▸ RECORD EXTRACTS:
*** Begin section ***

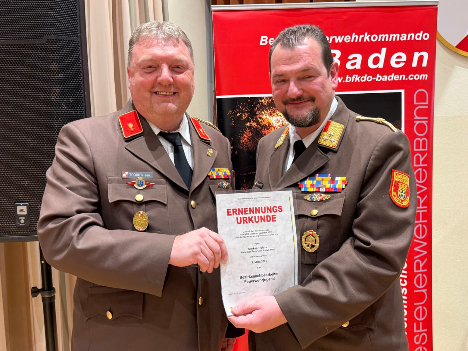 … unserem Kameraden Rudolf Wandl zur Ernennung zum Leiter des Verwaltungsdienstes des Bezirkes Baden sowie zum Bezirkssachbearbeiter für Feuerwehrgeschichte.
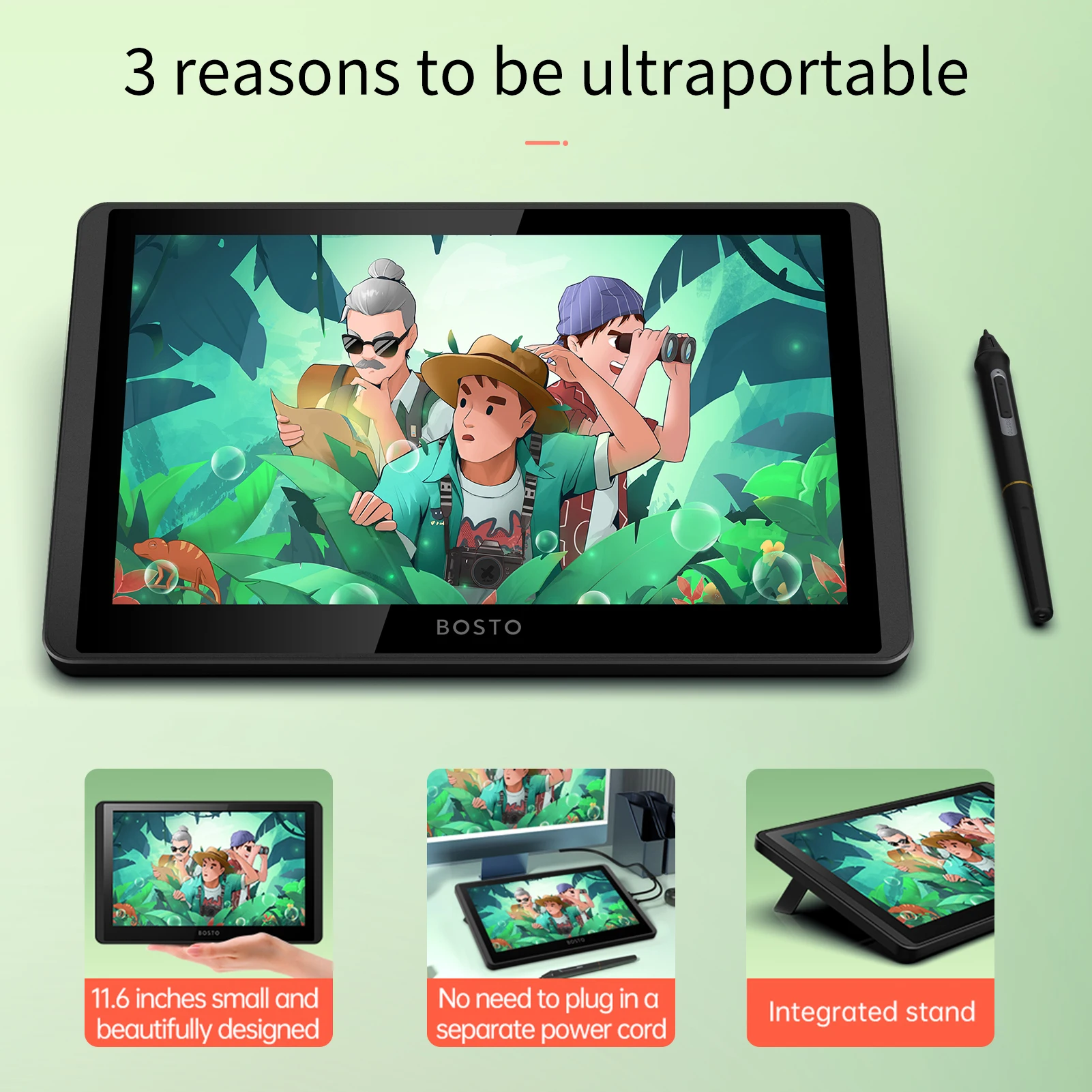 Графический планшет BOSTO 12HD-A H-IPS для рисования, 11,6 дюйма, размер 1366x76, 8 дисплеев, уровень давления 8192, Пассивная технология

*** End section ***
*** Begin section ***

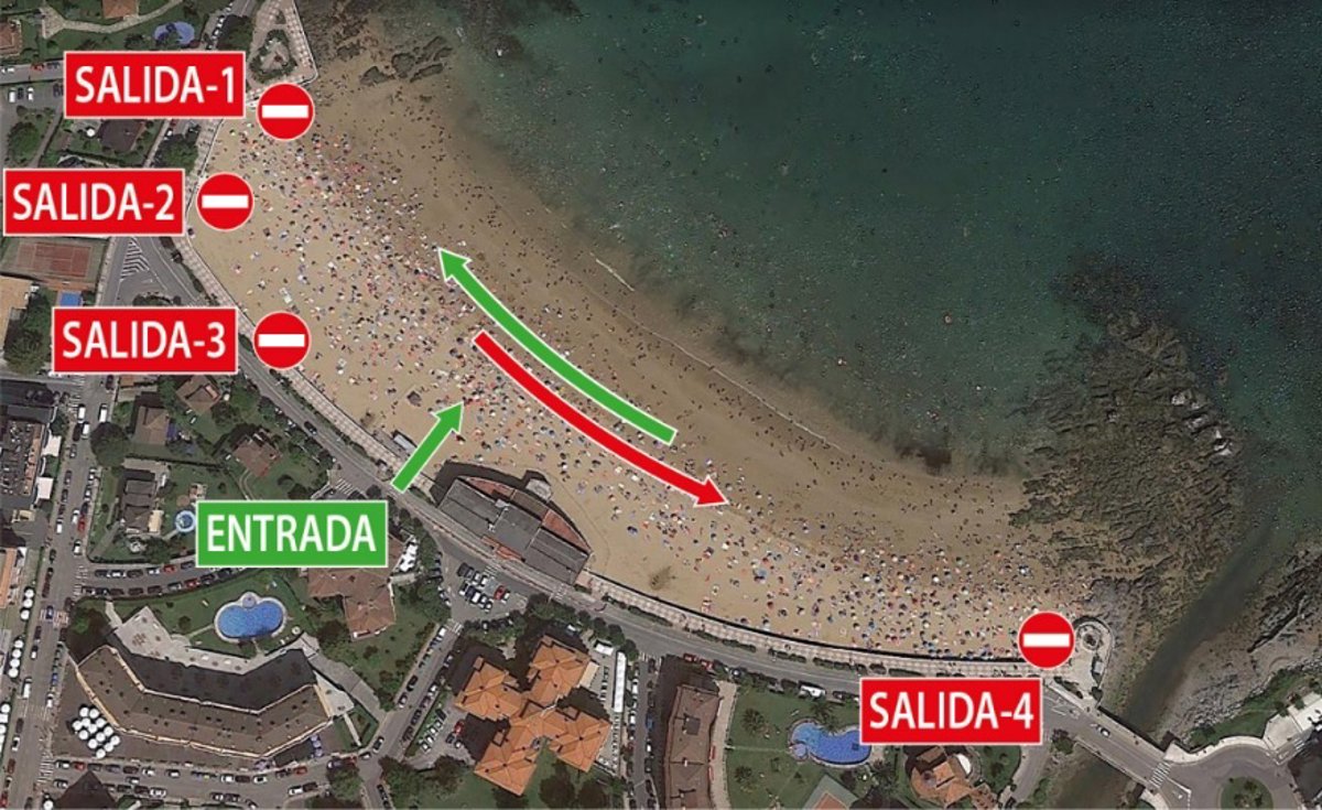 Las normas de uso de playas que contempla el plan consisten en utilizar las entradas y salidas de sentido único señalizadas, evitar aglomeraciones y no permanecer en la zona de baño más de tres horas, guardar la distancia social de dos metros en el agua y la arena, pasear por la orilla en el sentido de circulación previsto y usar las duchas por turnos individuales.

*** End section ***

Look above for the line with "Bezirkssachbearbeiter für Feuerwehrgeschichte."; quote it and every line after it, stopping after the line with "Графический планшет BOSTO", exactly, with nothing added and without pictures.

▸ OUTPUT:
 … unserem Kameraden Rudolf Wandl zur Ernennung zum Leiter des Verwaltungsdienstes des Bezirkes Baden sowie zum Bezirkssachbearbeiter für Feuerwehrgeschichte.
 Графический планшет BOSTO 12HD-A H-IPS для рисования, 11,6 дюйма, размер 1366x76, 8 дисплеев, уровень давления 8192, Пассивная технология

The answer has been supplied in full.